One year after Donald Trump’s election victory - politics as usual?

Posted on: 20 November 2017 by Dr Theresa Squatrito in 2017 posts

Donald Trump on TV

It's one year since Donald Trump was elected as President to the US. Has the Trump presidency been politics as usual, or are we witnessing a fundamentally new politics under Trump?

For many of us, the first inclination is to identify the ways in which Trump is an original experience for the US and the world. He is a president of superlatives. Remember how he has “the best words.” While Trump describes himself with superlatives, evidence suggests that they also characterize his presidency. Trump is by most accounts the least articulate president in memory. Some of Trump’s high-level appointments have been the shortest in history.

His gaffes are endless. His overall approval ratings are the lowest (38%) for a president at this point in their presidency. He has failed to have any signature legislative victories.

Do the superlatives reflect the transformation of presidential politics? Probably not. In fact, there is a lot of normal under the Trump presidency.

Trump has carved away at Obama’s legacy through the use of executive orders. Trump has rescinded and suspended Obama’s Clean Power Plan, which was a signature effort to reduce carbon emissions. He also reversed Obama’s halt to the Keystone XL and Dakota Access Pipelines. Trump has ended the Obama’s Deferred Action for Childhood Arrivals program, which protected undocumented immigrants who came to the US as children from deportation.

Trump has reinstituted the so-called “global gag rule” which prevents American foreign aid going to entities that provide or advise on abortion. He has begun to reduce subsidies that increased access to health care under the Obama administration. These are only some of the many executive actions Trump has taken to reverse the policies of President Obama. But, this is nothing new. American presidents typically use executive actions to undo their predecessor’s work.    

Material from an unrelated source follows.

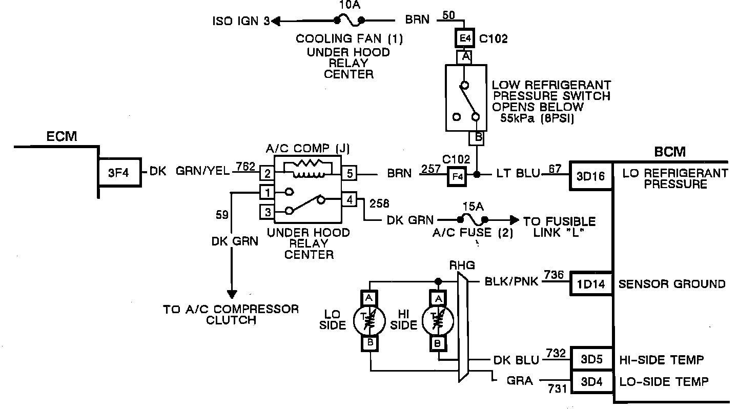 In the process of controlling the compressor clutch, the BCM monitors certain system inputs for an indication of low refrigerant charge. The BCM monitors the normally closed low refrigerant pressure switch at pin 3D16. The status of the low pressure switch is checked prior to compressor engagement. IF the return voltage to the BCM indicates the switch is open, the compressor will not be allowed to engage and a code B448 will be set in diagnostics. Additionally, the CCDIC will switch to ECON mode and the A/C low refrigerant message will be displayed.

Trump is highly divisive. His positions on most things rally proponents and opponents alike. His comments on NFL players kneeling during the national anthem and confederate statues, for example, show he is “a divider and not a uniter.” While his positions on these issues have been shocking to many, and he simply could have avoided the incitation of huge national debates on these issues, presidents in recent memory have all been divisive.

Obama was an amazing president to some, but on the other side of the alley, he was responsible for a decline of the American nation. GW Bush and Clinton were no better in this regard. In fact, Obama, Bush and Clinton all gave rise to a cohort of opponents who wanted nothing more than to see presidential failures and opposed most of what these presidents stood for. Presidents are divisive. In rare and extraordinary moments, some have been able to bring the nation together to rise about politics. Only time will tell if Trump has what it takes to unite the nation and show stellar leadership. But for now, he seems to lack such potential, while his presidency is merely politics as usual.